Harnessing Existing Brain Power with reCAPTCHA
If you have trouble with those distorted words while signing up for something online, you’re not alone. CAPTCHAs, as they are officially known, stands for “Completely Automated Public Turing test to tell Computers and Humans Apart.” Even after decades of research, computers can’t seem to decipher mangled characters the way a human brain can. Luis von Ahn, a computer scientist from Carnegie Mellon University, has developed a security system called reCAPTCHA that keeps that tried-and-true robot filter in place, but harnesses that basic human function for research. Von Ahn’s system pairs a real security word with a word from a historical document that computer-based optical character recognition can’t figure out. If three separate users agree on the meaning of the word then it’s accepted and translated to the digital record.

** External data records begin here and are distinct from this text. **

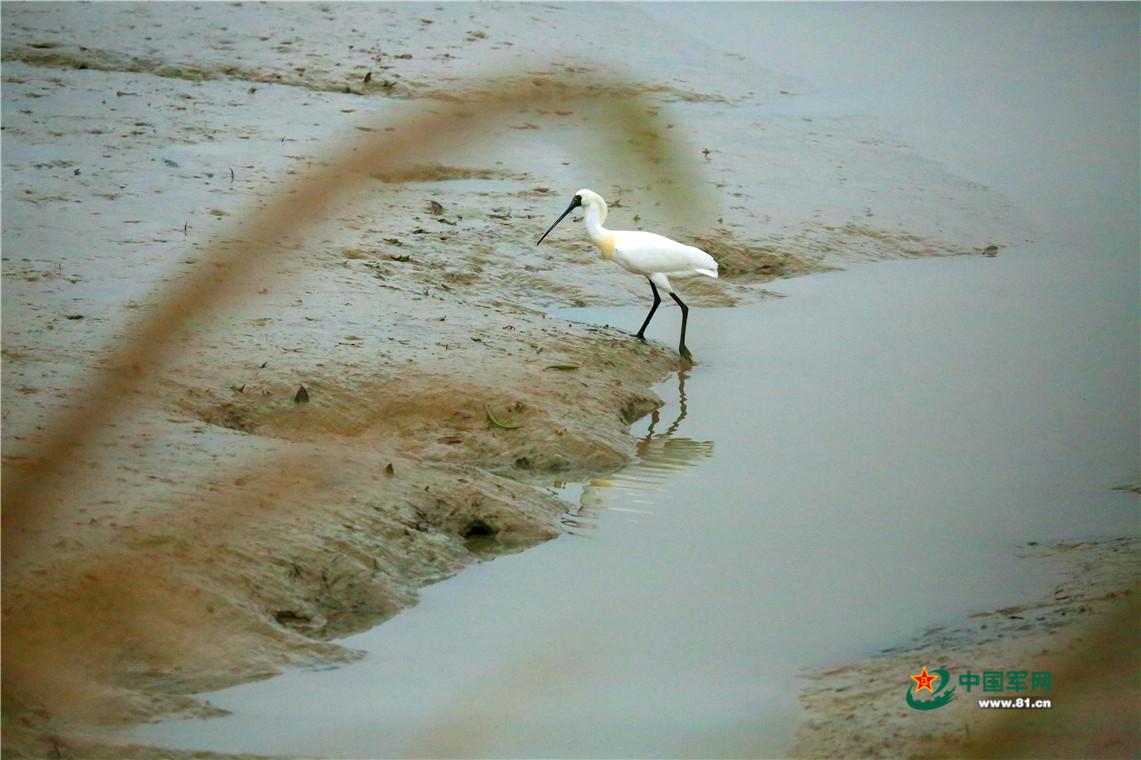 3月31日,深圳红树林生态保护区内,一只黑脸琵鹭在觅食中。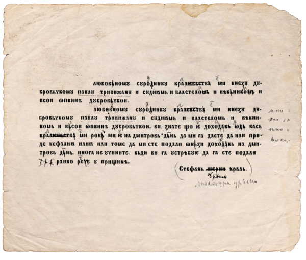 [Priština, oktobar 1325.] Stefan Uroši, srpski kralj, naredio je Dubrovčanima da dođu [u Prištinu] i plate obaveze Svetog Dimtrija preko Ilije ili Tomaša, oba Kefalijana.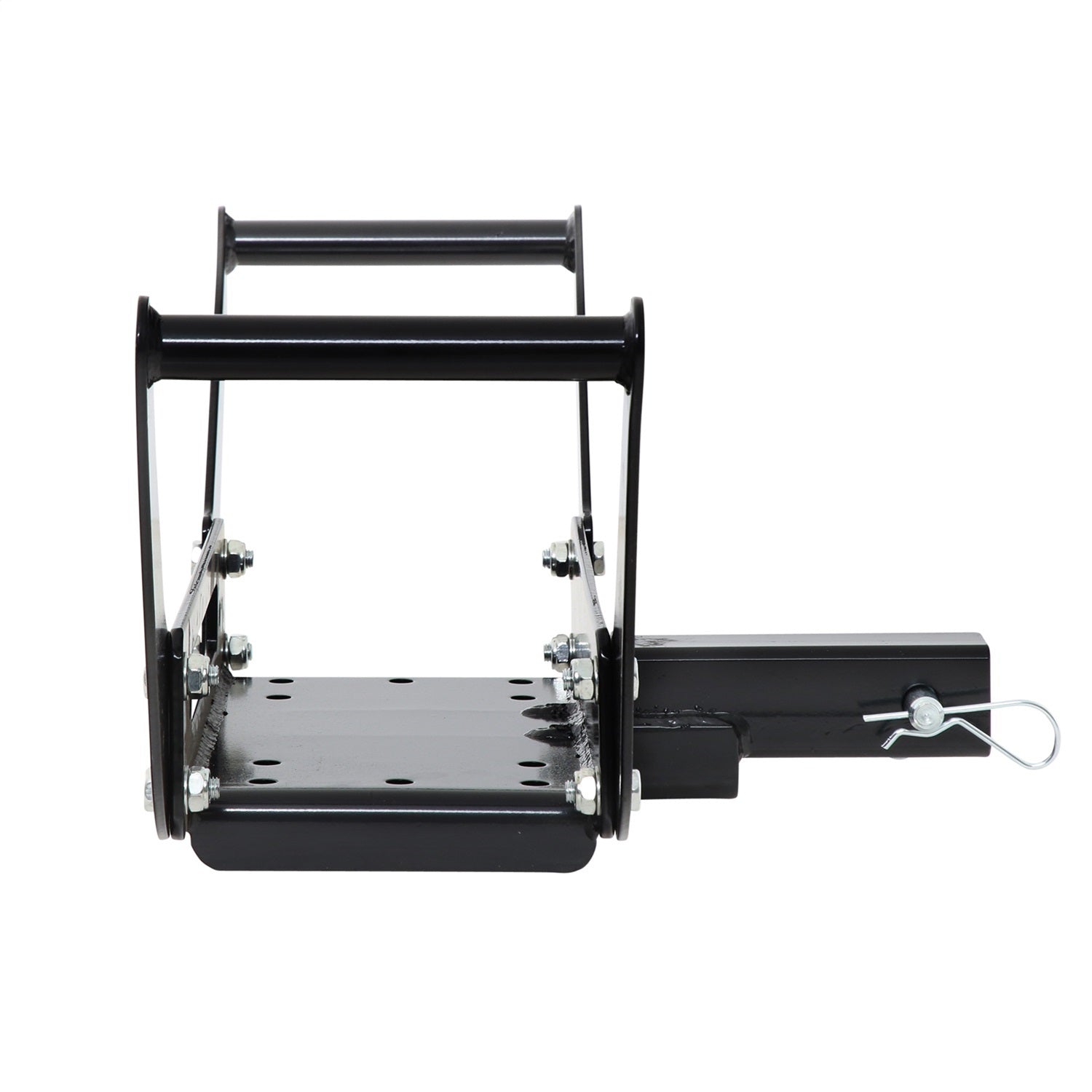 Attaching A Winch To Your Vehicle Just Got Easier With Smittybilts New Winch Cradle. This Heavy Duty Unit Gives You A Variety Of Mounting Options For Front Or Rear Installation Because It Works With Any 2" Receiver Hitch. Its Designed To Accommodate Most Winches And Includes A Mounting Plate For Your Roller Fairlead. The Smittybilt Winch Cradle Is Constructed From Thick 3/16" And 1/4" Cold Rolled Steel And Is Finished In A Durable Two Stage Satin Black Finish For Maximum Durability.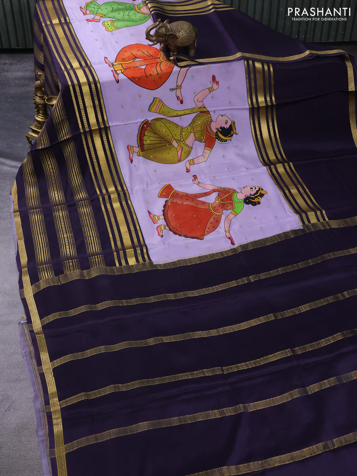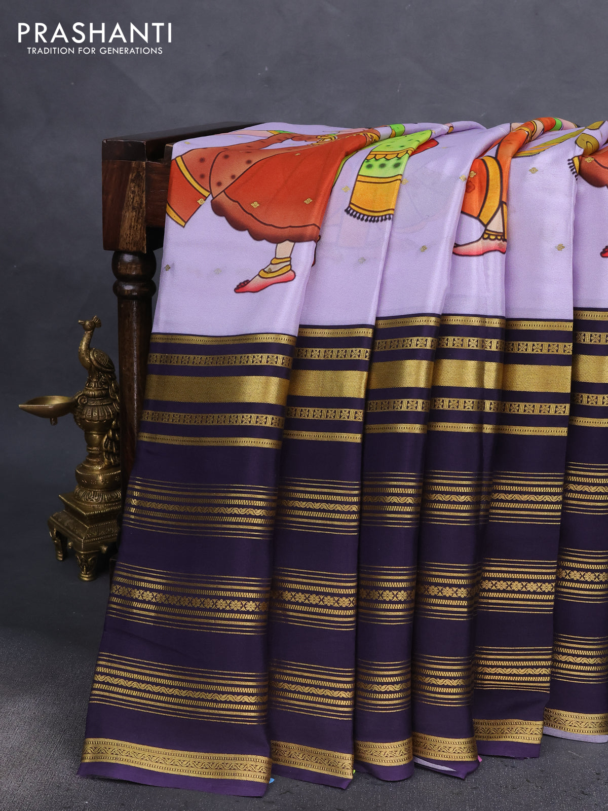 Pure mysore silk saree lavender and dark blue with digital prints & zari buttas and long zari woven border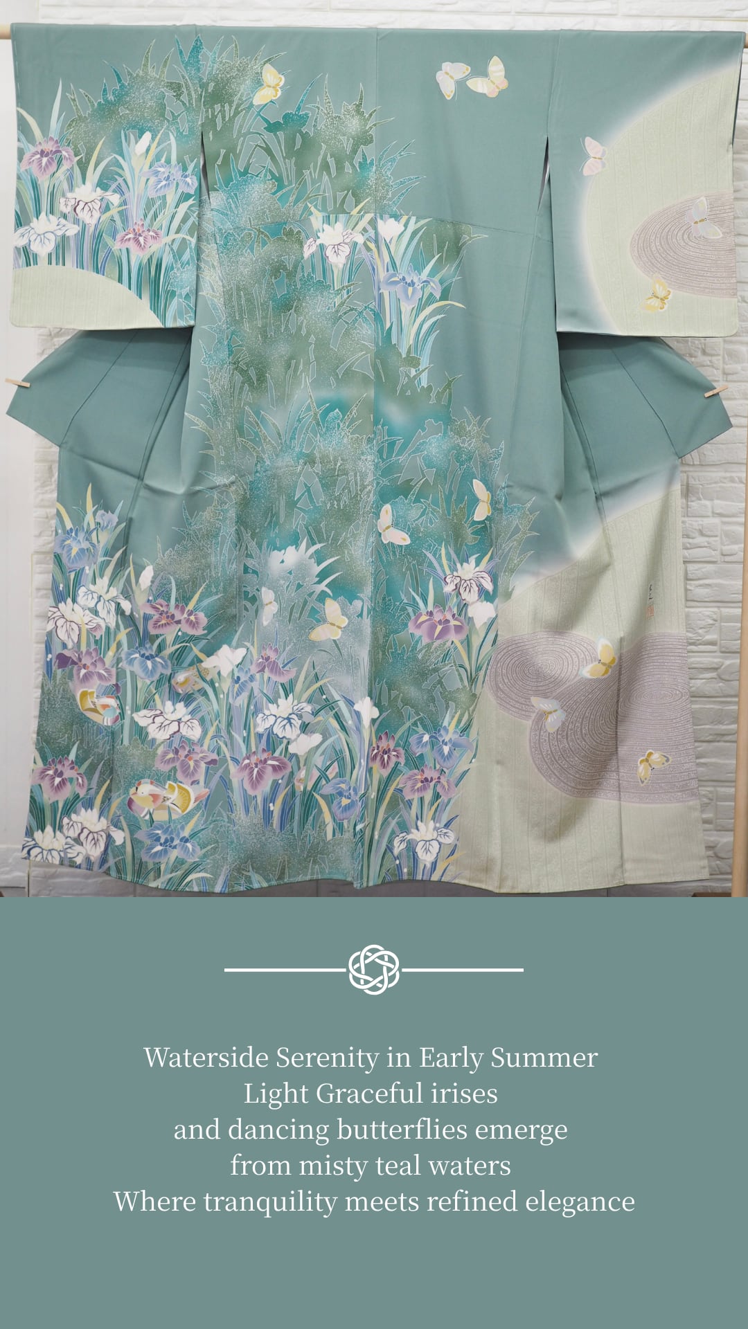 訪問着:朝霧に浮かぶ菖蒲の庭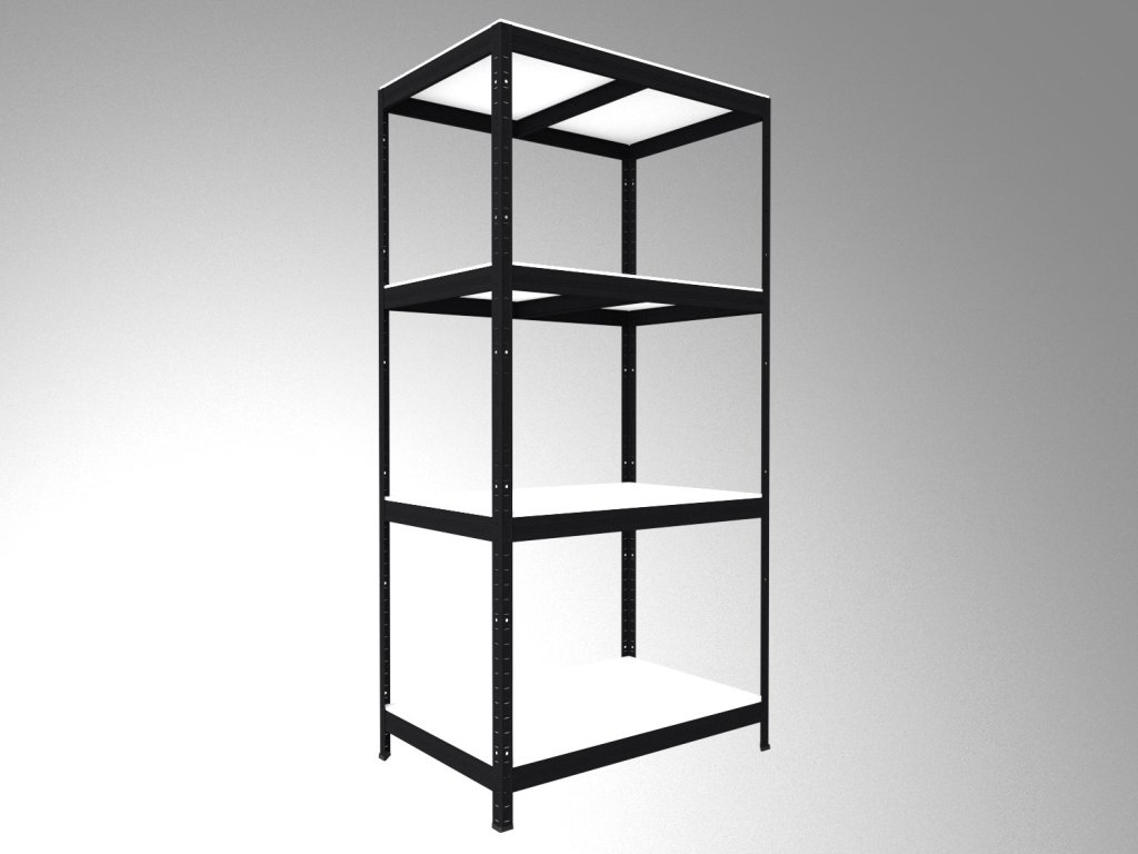 Regał metalowy Biedrax 60 x 75 x 180 cm, czarny, 4 półki białe laminowane 12mm, nośność 200 kg na półkę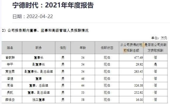 黄世霖,1967年出生,合肥工业大学学士,拥有丰富的行业经验和卓越的领导能力。自2015年起,他担任宁德时代的副董事长和副总经理,并在2021年从公司获得了高达263.45万元的薪酬,平均月薪为21.95万元。此外,黄世霖还持有宁德时代2.59亿股股份,占公司总股本的10.61%,其一致行动人合计持有公司股份占公司总股本的0.08%,黄世霖及其一致行动人合计持有公司股份占公司总股本的10.69%。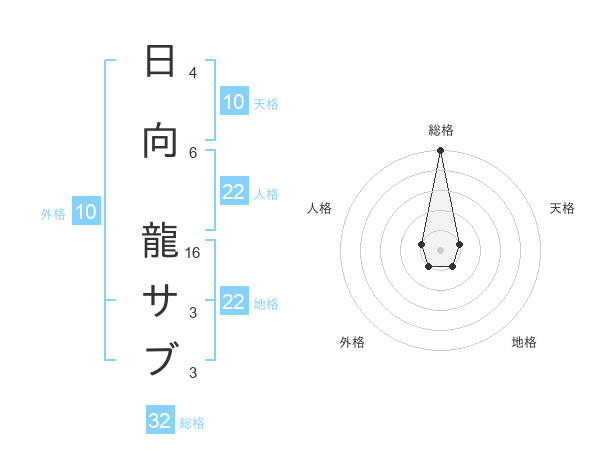 日向 龍サブさんを姓名の画数から五運を鑑定
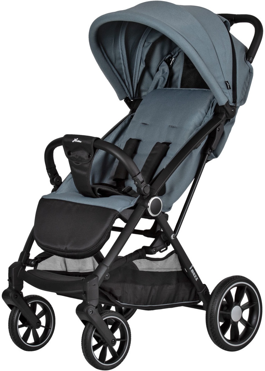Hartan Buggy i-maxx Der Hartan Buggy i-maxx ist ein perfekter Begleiter für den Alltag. Dank seines kompakten Faltmaß von 58 cm lässt sich der Buggy bequem in jeden Kofferraum verstauen. Ob auf Reisen, im eigenen Zuhause oder im stressigen Alltag mit Bus und Bahn - dieser Buggy punktet mit seiner leichten Handhabung. Die extra großen PU-Räder mit Federung sorgen dafür das Sie jedes Gelände meistern. Die Vorderräder des Buggy sind schwenkbar und je nach Bedarf können die hochwertigen Räder auch fixiert werden. Da die Sicherheit bei Hartan an erster Stelle steht ist der Buggy i-maxx mit einem 5-Punkte-Sicherheitsgurt ausgestattet, der das Kind sicher im Sitz festhält ohne dabei störend zu wirken. Eine Polsterung sorgt für einen angenehmen Komfort, damit das Kind nicht schon nach kurzer Zeit Reißaus nehmen will, sondern sich während der Fahrt entspannt zurücklehnen kann. Der Gurt kann selbstverständlich nur von den Eltern geöffnet werden, da ein gezielter Handgriff notwendig ist. So kann das Kind problemlos mit Blick in Fahrtrichtung kutschiert werden, ohne dass Sie sich Sorgen machen müssen. Dank der Feststellbremse ist der Kinderwagen zudem vor einem ungewollten Wegrollen geschützt. Der Klappmechanismus ist leicht zu bedienen, so dass nur wenige Handgriffe für das Zusammen- und Auseinanderklappen notwendig sind. Damit Ihr Kind die bequeme Fahrt auch genießen kann lässt sich die Sitzposition verstellen, sogar bis in der Ruheposition falls der kleine Fahrgast mal ein Schläfchen halten muss. Sollte die Sonne Ihrem Baby ins Gesicht scheinen können Sie das Verdeck, welches mit einen Sonnenschutz 50+ ausgestattet ist, einfach ausklappen. Produkthighlights: • Ausklappbares Verdeck mit Sonnenschutz 50+ • Stufenlos verstellbare Sitzposition, inklusive Ruheposition • Verstellbare Fußstütze • 5-Punkte-Sicherheitsgurt • Feststellbremse • Griffebzug in Lederoptik • Transportsicherung • Hochwertige PU-Räder • Schwenkbare Vorderräder, inklusive Federung Technische Daten: • Gewicht: 8,4 kg • Abmessungen: L 82 x B 58 x H 104 cm • Klappmaß: L 66 x B 58 x 29 cm
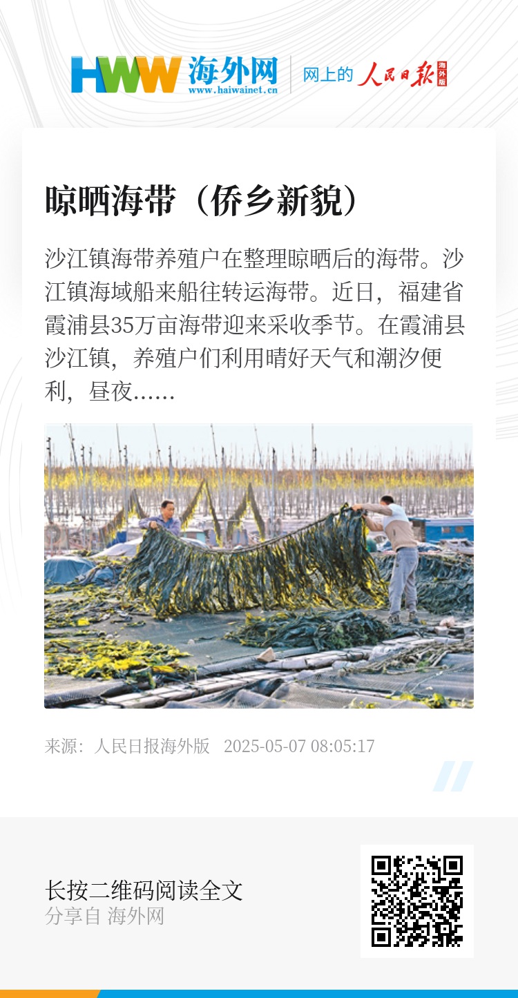 2024年,霞浦全县鲜海带总产量160多万吨,总产值约35亿元,海带相关产业就业人员达5万余人,成为带动当地群众增收、促进乡村全面振兴的重要支柱产业。

He has paired up with the New York Times to digitize their achieves stretching back to 1851. According to his calculations, 200 million people a day are spending an average of 10 seconds deciphering these words before moving on with their registration or purchase. With just a fraction of that unparalleled access to human brainpower the project has been able to digitize 1.3 billion words so far with 99% accuracy. So next time you bemoan the fact you have to fill out a form keep in mind you may be reading a word from the civil war. NPR interviews Marc Frons from the project:
Marc Frons, chief technology officer of digital operations for The Times, says the pace is astonishing. Each month, the project digitizes about two years’ worth of newspapers
“Next year, if all goes well, we can do as many as 70 years, which would be almost the entire rest of the archive that is not digitized,” says Frons. “It’s just pretty cool when you’re signing up for a Web site and you see the reCAPTCHA sign. You sort of know, ‘Gee, I’m helping digitize part of The New York Times.‘ “